The News
Monday 25 of November 2024

Greeks March to Mark 1973 Student Uprising Anniversary


Under the watchful eye of Greek police officers in riot gear, foreground, demonstrators march in central Athens, Thursday, Nov. 17, 2016,photo: AP/Thanassis Stavrakis
Under the watchful eye of Greek police officers in riot gear, foreground, demonstrators march in central Athens, Thursday, Nov. 17, 2016,photo: AP/Thanassis Stavrakis
About 3,000 police were deployed in central Athens to guard against potential violence, which has frequently broken out in previous years

Thousands of Greece protesters marched Thursday to the U.S. embassy in Athens, in an annual commemoration of a 1973 student uprising that was crushed by the military dictatorship which ruled the country from 1967-74.

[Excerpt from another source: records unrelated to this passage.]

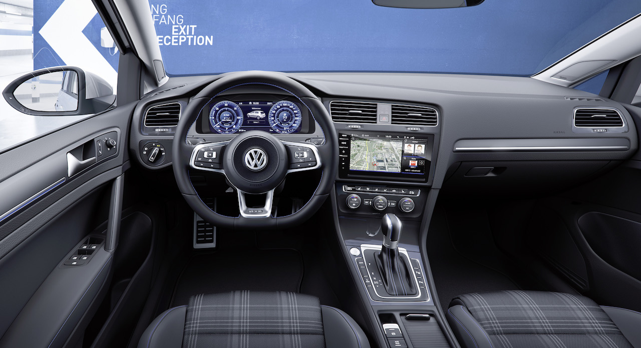 However, the big news are the new “Discover Pro” gesture controlled infotainment system and new driver assistance features. For starters, the Golf can be optioned with all digital 12.3-inch color display gauge cluster (resolution: 1,440 x 540 pixels), that Volkswagen calls “Active Info Display”. This is similar to the gauge cluster you may have seen in the new Audi vehicles. The driver can switch between different display themes, that includes a Navigation mode.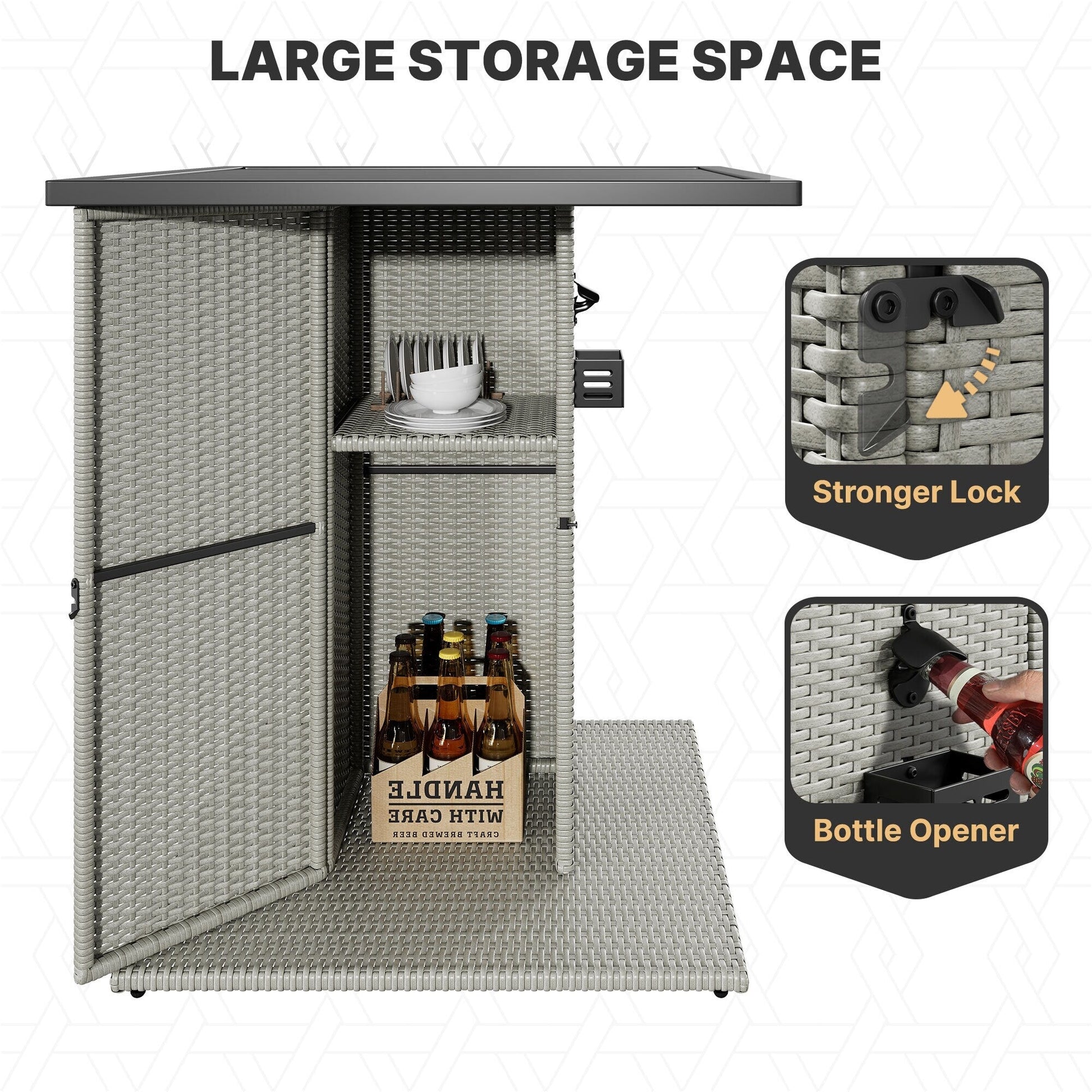 La table de bar est dotée d'un ouvre-bouteilles et d'un compartiment de rangement derrière une porte magnétique pour plus de commodité. Idéale pour recevoir vos invités lors de rassemblements informels, de repas ou de fêtes au bord de la piscine.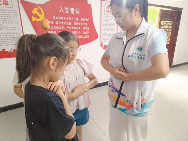 圖為實踐隊員余元元為兒童講解示范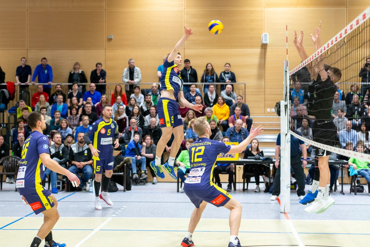 Immerhin gelang es Maric’ Mannschaft in der Halle am Mittelbügweg, den ersten Satz zu gewinnen. Konzentriert traten die Schwaiger von Anfang an auf, angefeuert von 310 Zuschauern. Dass der SVS den Saisonabschluss nach zuvor fünf Niederlagen in Serie versöhnlich gestalten wollte, konnte dem Team niemand absprechen. Mit den Nachwuchskräften Jan Kolakowski, Luca Russelmann und Joshua Schneider, dafür ohne Christian Schwabe und Christian Nowak, ließen sich die Gastgeber auch durch den 4:7-Rückstand zu Satzbeginn nicht beirren. 13:13 hieß es nach elf Minuten, später 18:15 und 22:17. Der erste Durchgang machte den Schwaigern Mut für das restliche Duell.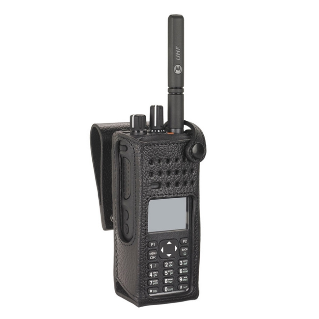 Prevedenie puzdra PMLN5842A - tvrdá pevná koža farbená na čierno. V puzdre sú vykonané všetky otvory pre prístup k všetkým ovládacím prvkom rádiostanice Motorola DP480x, alebo tiež Motorla DP 460x.
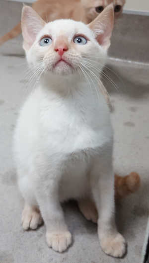 This young male flame point has a short coat and blue eyes.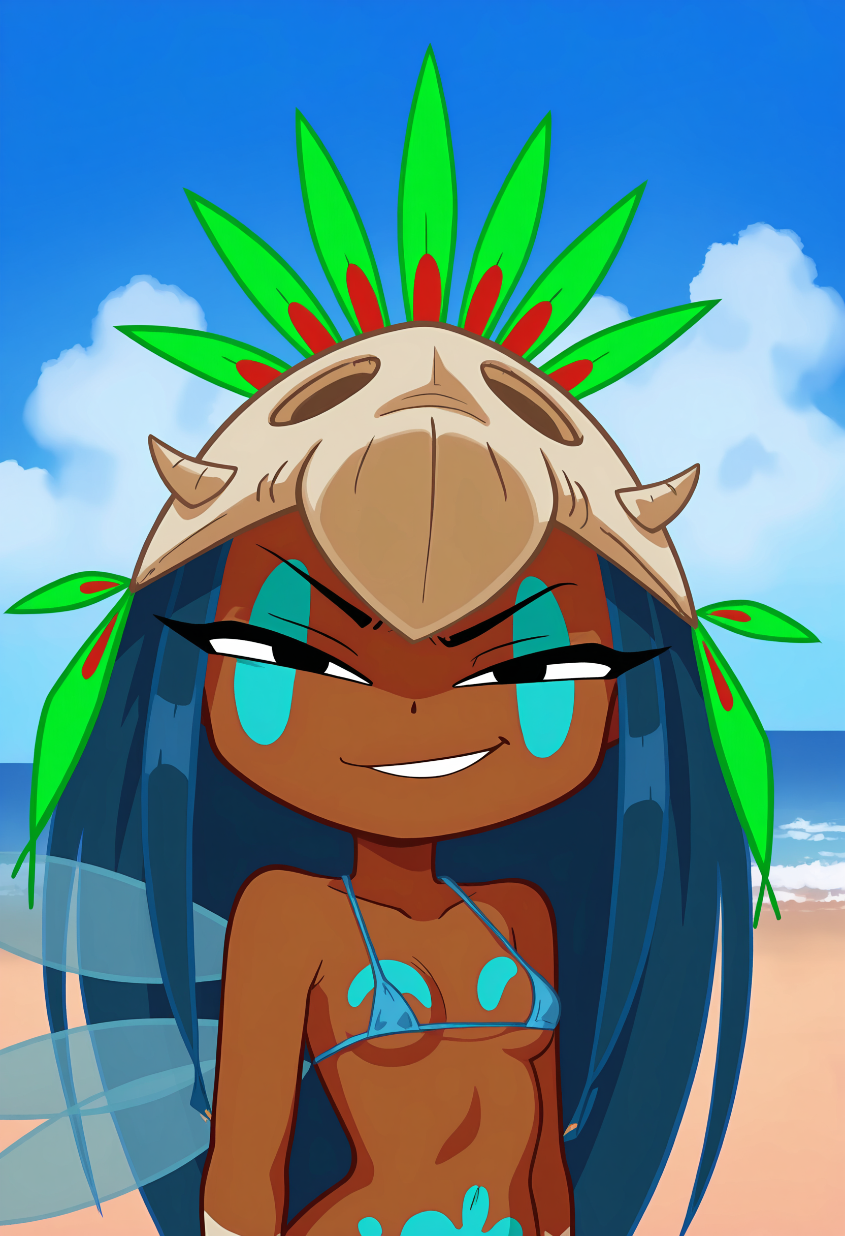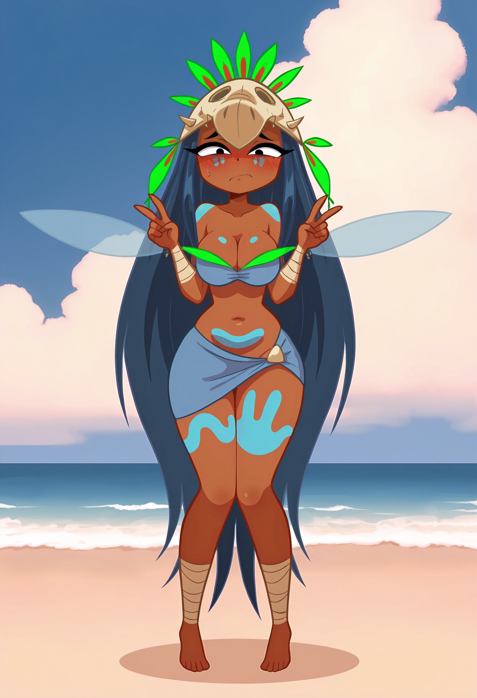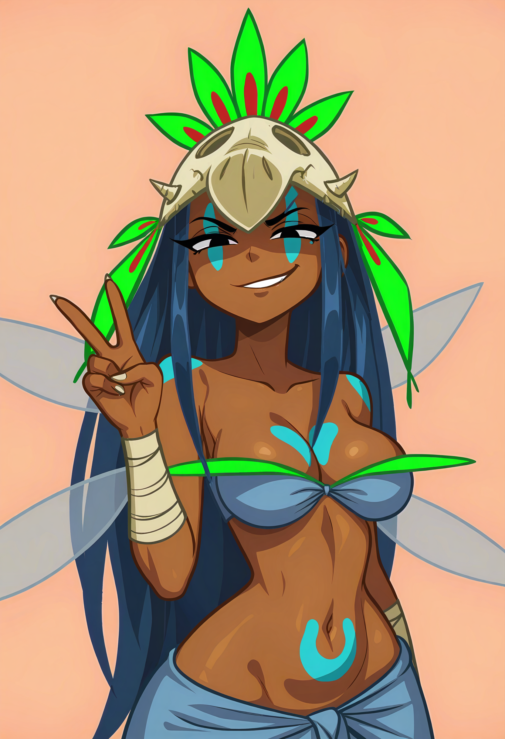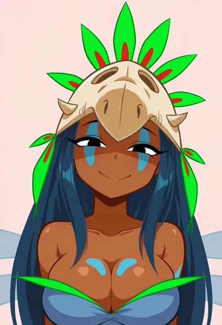 h0lilf, 1girl, 深色皮肤女性, 黑色眼睛, 极长头发, 蓝色头发, 乳房, 乳沟, 身体彩绘, 露腹, 翅膀, 裙子, 头饰,

About 3,000 police were deployed in central Athens to guard against potential violence, which has frequently broken out in previous years. Before the march started, suspected anarchists stole two riot police shields and helmets and hung them on a statue.

An anti-U.S. protest Tuesday during a visit by President Barack Obama to Athens was marred by extensive clashes between anarchists throwing petrol bombs and stones and Greek riot police.

Many Greek left-wing supporters still deeply resent the U.S. support for the oppressive dictatorship in Greece at the height of the Cold War.

The march Thursday began at the gates of the Polytechnic University complex, where in 1973 the military had sent a tank crashing in to suppress a pro-democracy uprising. Several people were killed during the crackdown, but historians still disagree on the precise death toll.